= Beginning of Section =
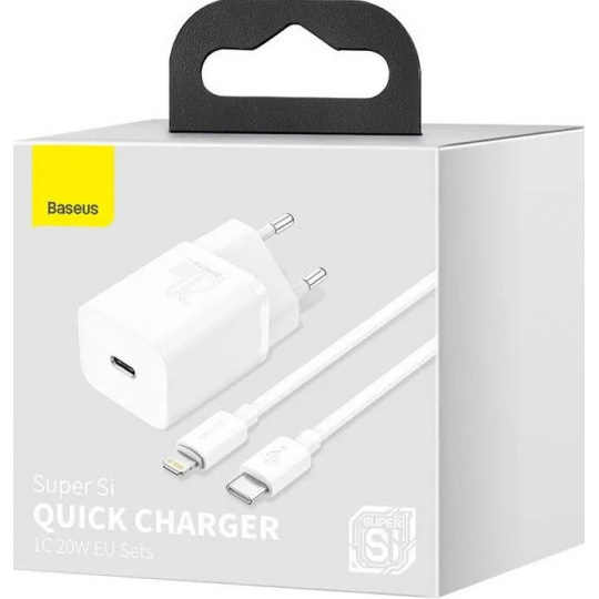 Baseus rychlonabíječka do sítě Super Si USB-C PD QC 20W s Lightning kabelem 1m bílá
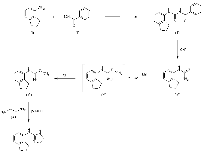 4-Amiomoindan (I) is reacted with benzoylisothiocyanate (II) to give the benzoylthiourea (III), which after hydrolysis of 4-indanyltiourea (IV) is methylated with iodomethane to (V). The free base (VI) is cyclized with ethyldiamine (A) and p-toluenesulfonic acid to indanazoline
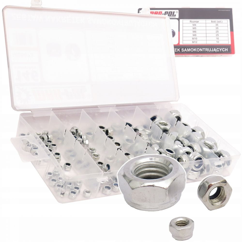 Komplet 146 samovarovalnih matic z najlonskim vložkom je izdelan iz visokokakovostnega materiala. Različne velikosti v kompletu zagotavljajo, da boste našli velikost, ki jo potrebujete. Set je primeren ne samo za profesionalne delavnice, ampak tudi za domačo uporabo.
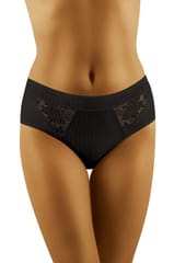 Captivating with their design, very feminine briefs with an elevated condition, recommended for women who appreciate the beauty of every detail. A perfect trio of subtle, small stripes, stylish, floral lace and smooth, pleasant to the touch knitwear visible on the sides of the underwear. Flexible, from the latest collection of the manufacturer Wol-bar. Composition: 90% cotton, 7% elastane, 3% polyamide.
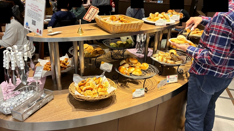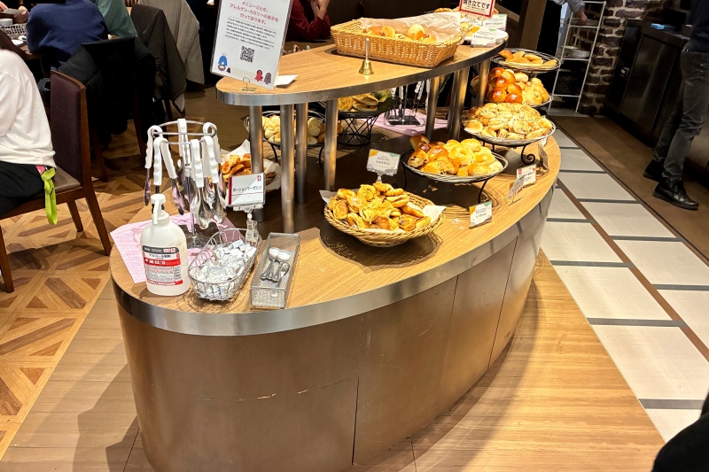 ビュッフェコーナーへパンを持ってきたスタッフさんがベルを鳴らすと度々人が集まってくるのが印象的でもあります。
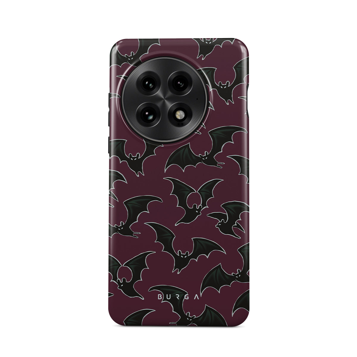 Główne elementy projektu: motyw Halloween, nietoperze, bordowe tło
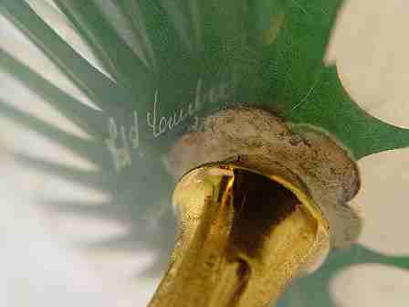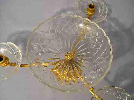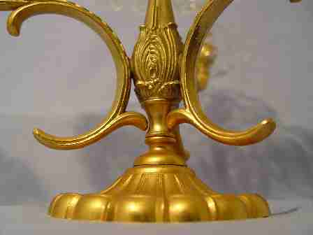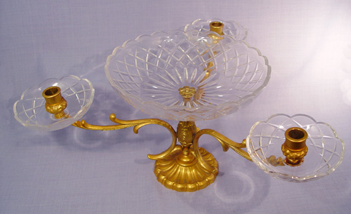 VAL ST. LAMBERT CENTERPIECE CANDELABRA: Crystal center bowl surrounded by a trio of candle holders. Gilt metal and crystal, the crystal is signed. 8 3/4'' h., 15'' dia.
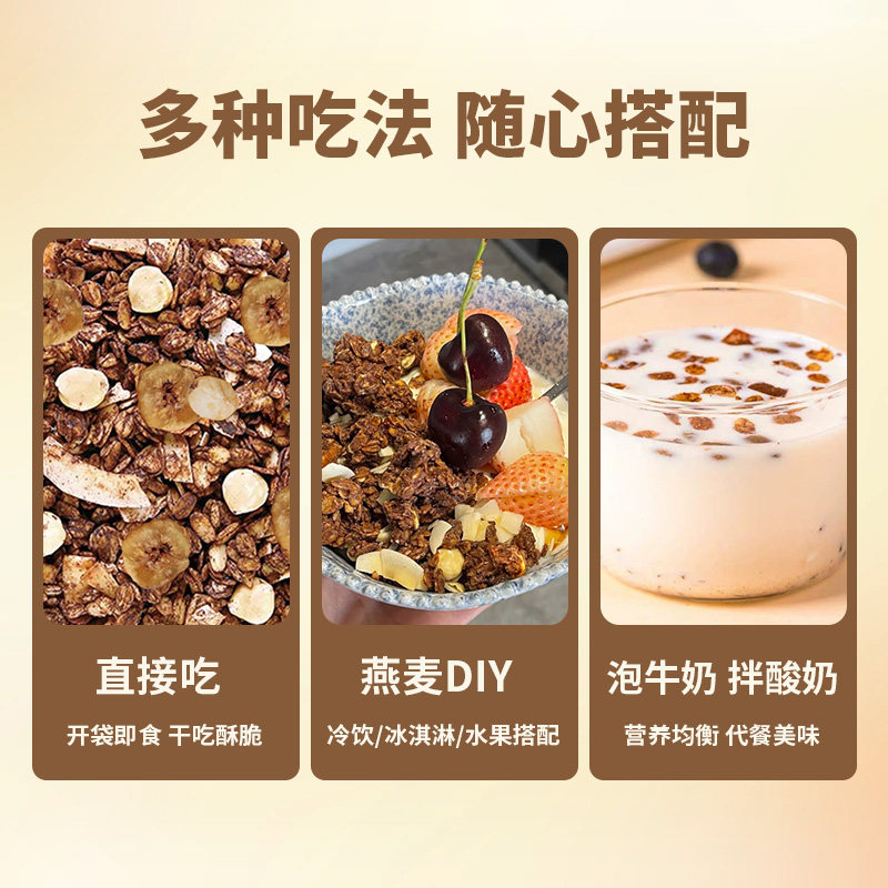 ohmyfood格兰诺拉榛果黑巧克力可可烘焙燕麦片坚果酸奶碗代餐即食
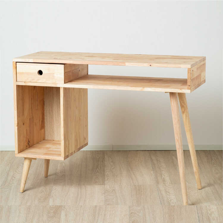 幅100cm・収納力抜群の天然木無垢製・片袖デスク(ホルムアルデヒド軽減対策済み)
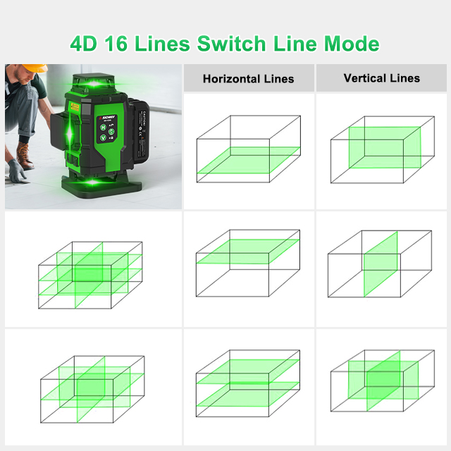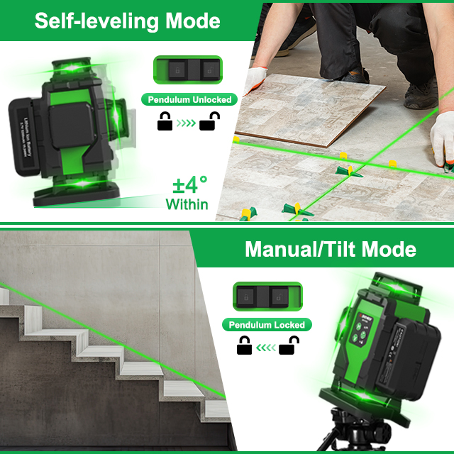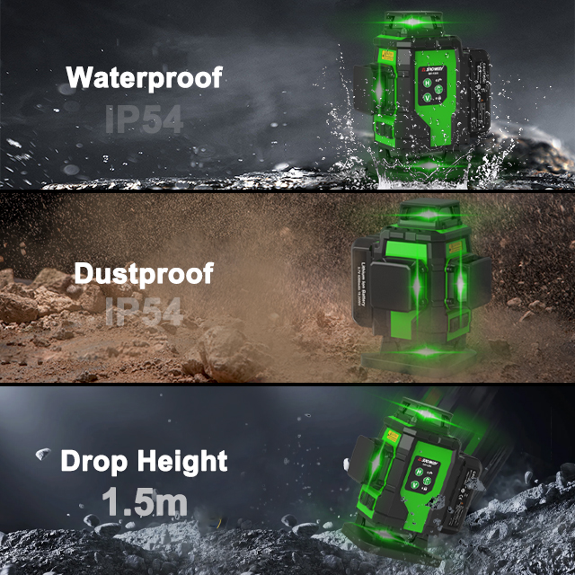 Precise laser lines for quick, accurate leveling on any site.
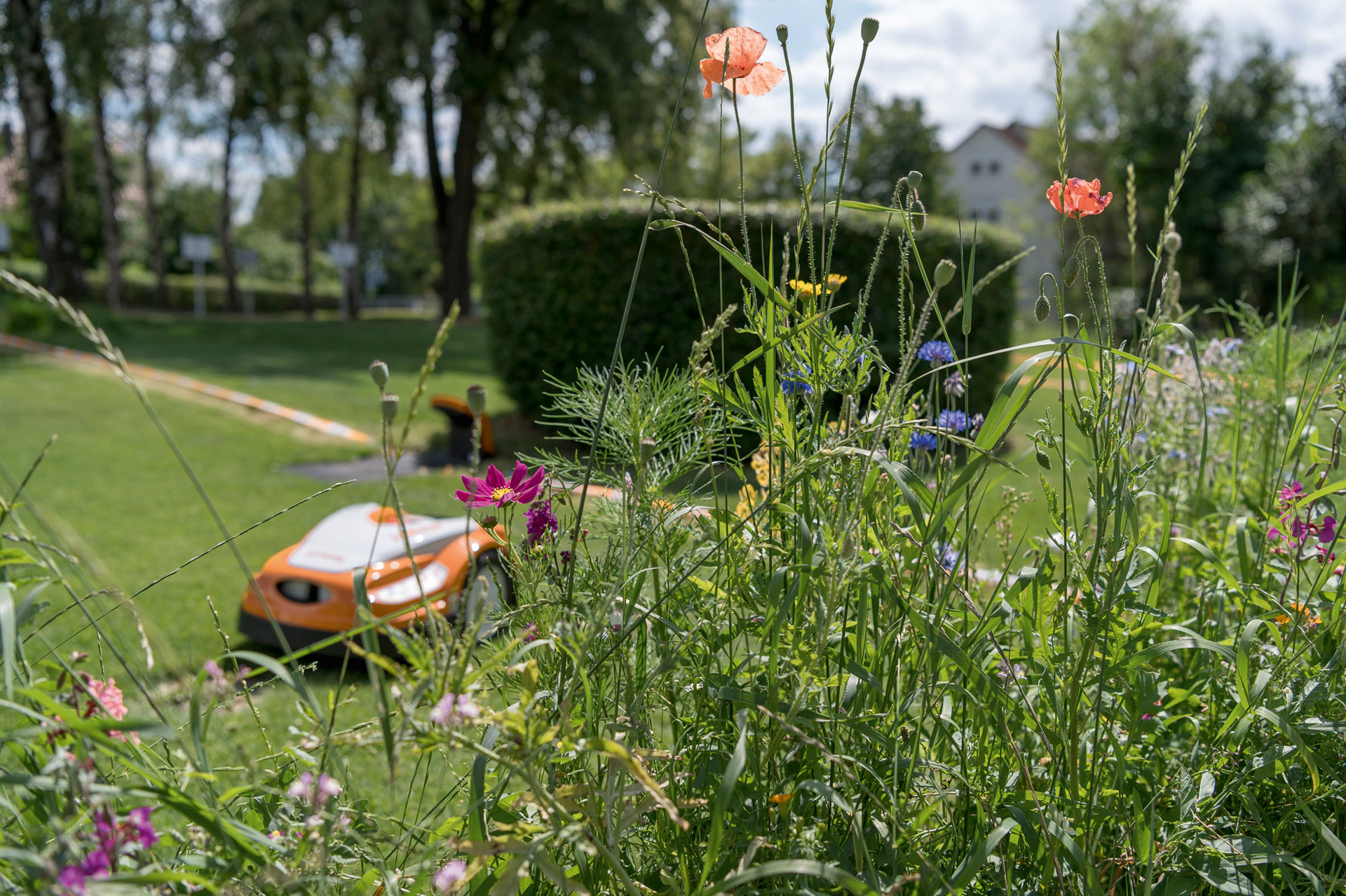 - Beim Mähen sollte das Gras um etwa ein Drittel gekürzt werden, bei Trockenheit weniger.
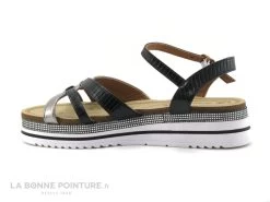 Une large lanière effet python caractérise la chaussure, aux tons de marron et de noir.
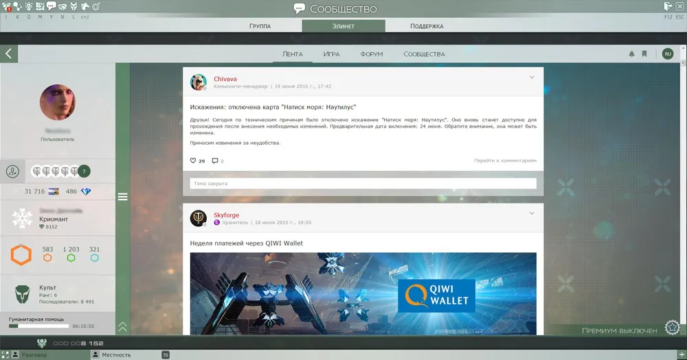 Так же у меня возникла забагованность вкладок с личными сообщениями, в следствии чего после закрытия оных, при следующем заходе в игру они снова у меня все выскакивали.
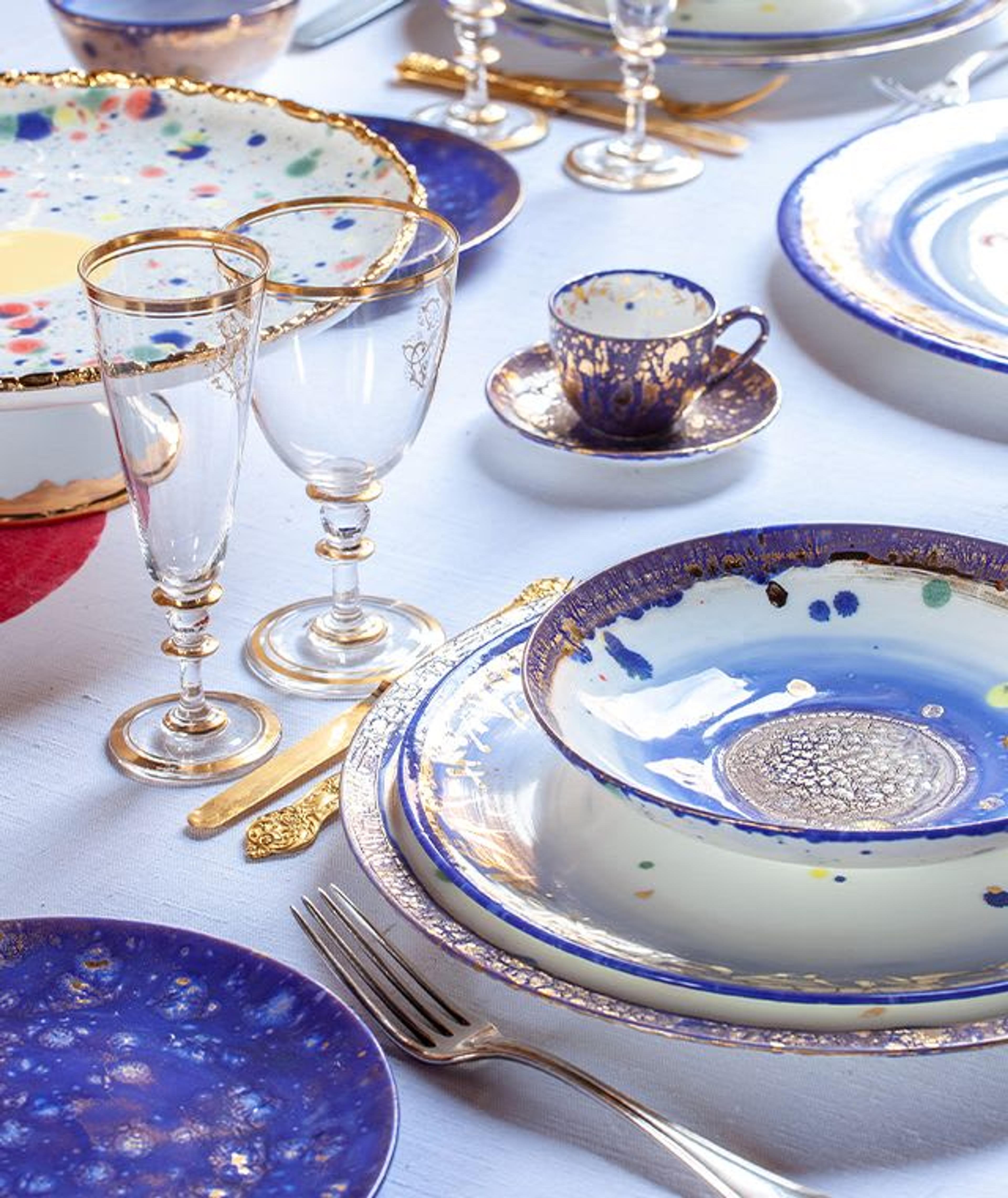 Lernen Sie Coralla kennen und stöbern Sie in ihren zarten, blattvergoldeten Tellern, überdimensionalen Vasen mit expressionistischen Farbklecksen und einem Feuerwerk an exquisiten Tischaccessoires voller Anmut und Lebensfreude.
= End of Section =
Required action -
Reproduce exactly, and only, the lines from the one holding "Komplet 146 samovarovalnih matic" through the final line of the entries. Do not include the pictures.

Response below -
 Komplet 146 samovarovalnih matic z najlonskim vložkom je izdelan iz visokokakovostnega materiala. Različne velikosti v kompletu zagotavljajo, da boste našli velikost, ki jo potrebujete. Set je primeren ne samo za profesionalne delavnice, ampak tudi za domačo uporabo.
 Captivating with their design, very feminine briefs with an elevated condition, recommended for women who appreciate the beauty of every detail. A perfect trio of subtle, small stripes, stylish, floral lace and smooth, pleasant to the touch knitwear visible on the sides of the underwear. Flexible, from the latest collection of the manufacturer Wol-bar. Composition: 90% cotton, 7% elastane, 3% polyamide.
 ビュッフェコーナーへパンを持ってきたスタッフさんがベルを鳴らすと度々人が集まってくるのが印象的でもあります。
 Główne elementy projektu: motyw Halloween, nietoperze, bordowe tło
 VAL ST. LAMBERT CENTERPIECE CANDELABRA: Crystal center bowl surrounded by a trio of candle holders. Gilt metal and crystal, the crystal is signed. 8 3/4'' h., 15'' dia.
 ohmyfood格兰诺拉榛果黑巧克力可可烘焙燕麦片坚果酸奶碗代餐即食
 幅100cm・収納力抜群の天然木無垢製・片袖デスク(ホルムアルデヒド軽減対策済み)
 Precise laser lines for quick, accurate leveling on any site.
 - Beim Mähen sollte das Gras um etwa ein Drittel gekürzt werden, bei Trockenheit weniger.
 Une large lanière effet python caractérise la chaussure, aux tons de marron et de noir.
 Так же у меня возникла забагованность вкладок с личными сообщениями, в следствии чего после закрытия оных, при следующем заходе в игру они снова у меня все выскакивали.
 Lernen Sie Coralla kennen und stöbern Sie in ihren zarten, blattvergoldeten Tellern, überdimensionalen Vasen mit expressionistischen Farbklecksen und einem Feuerwerk an exquisiten Tischaccessoires voller Anmut und Lebensfreude.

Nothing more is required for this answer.